Lilly adds to pain pipeline with Asahi Kasei licensing deal


US drugmaker Eli Lilly – still waiting for an FDA decision on one non-opioid pain drug – has just added another to its pipeline via a licensing agreement with Japan’s Asahi Kasei worth up to $410 million.

Lilly is paying $20 million upfront for exclusive rights to AK1780, a P2X7 receptor antagonist in early-stage clinical development for neuroinflammatory pain conditions, outside Japan and China.

The Japanese pharma is in line for another $210 million if the drug reaches development and regulatory objectives, plus up to $210 million if it meets sales targets.

The licensing deal comes as Lilly and partner Pfizer are waiting from a verdict from the FDA on tanezumab as a treatment for pain associated with osteoarthritis, which was supposed to be forthcoming before the end of 2020.

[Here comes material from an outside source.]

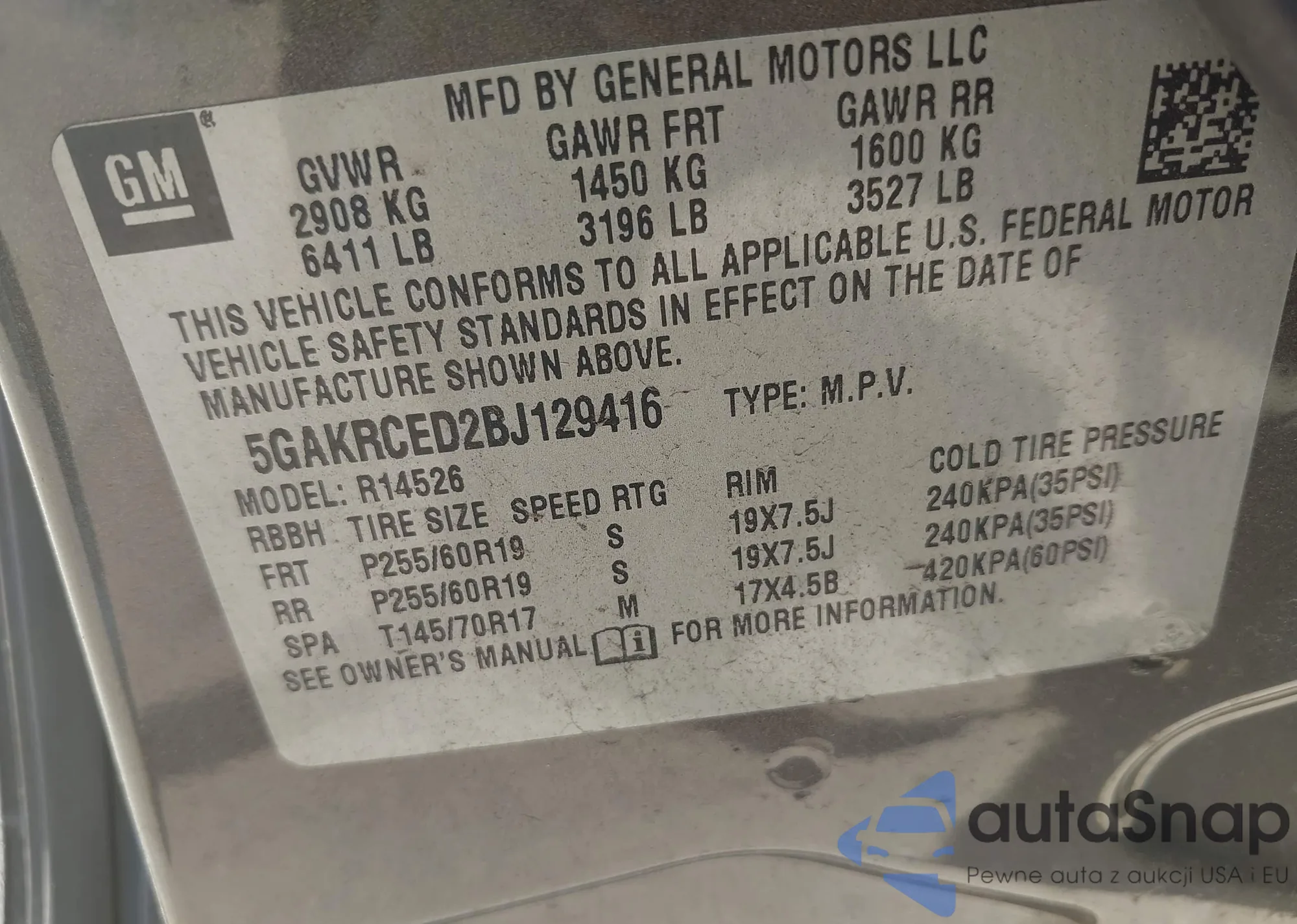 VIN: 5GAKRCED2BJ129416

Tanezumab and Regeneron’s fasinumab are the last drugs standing in the hard-to-target nerve growth factor (NGF) inhibitor class, which has seen several candidates fall by the wayside over the years because of tolerability issues.

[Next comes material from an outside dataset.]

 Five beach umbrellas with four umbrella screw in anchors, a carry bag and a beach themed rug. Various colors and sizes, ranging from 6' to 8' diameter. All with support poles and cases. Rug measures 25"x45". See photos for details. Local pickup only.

While tanezumab is an antibody and has to be delivered by subcutaneous injection, AK1780 is orally bioavailable. The new drug has already cleared phase 1 single and multiple ascending dose and clinical pharmacology studies, according to Lilly.

The role of P2X7 receptor antagonists in the treatment of pain has been a subject of research for well over a decade, and Lilly is following in the footsteps of other big pharma companies that have tried to develop them for inflammatory and central nervous system disorders, as well as pain.

Johnson & Johnson is testing its JNJ-54175446 candidate in a phase 2 trial involving patients with depression, while AstraZeneca took its AZD9056 into mid-stage clinical testing in rheumatoid arthritis before abandoning the drug.

Lilly and Asahi Kaesi’s interest in developing AK1780 for pain stems from animal studies showing that knocking out the gene for P2X7 receptors in animal models seemed to abolish the pain response. P2X7R antagonists meanwhile were shown to have analgesic activity in a rat model of neuropathic pain.

Neuropathic pain – which is caused by problems with signals from nerves – is considered the hardest form to treat and generally does not resolve over time. It can be highly resistant to conventional painkillers, although some patients can get relief from anticonvulsant and antidepressant drugs.

Along with tanezumab and AK1780, Lilly is also developing LY3016859, an antibody that blocks two different cellular targets (TGF alpha and epiregulin), in phase 2 for chronic pain. Other candidates include a PACAP38 antibody, SSTR4 agonist and TRPA1 antagonist, all in phase 1 development.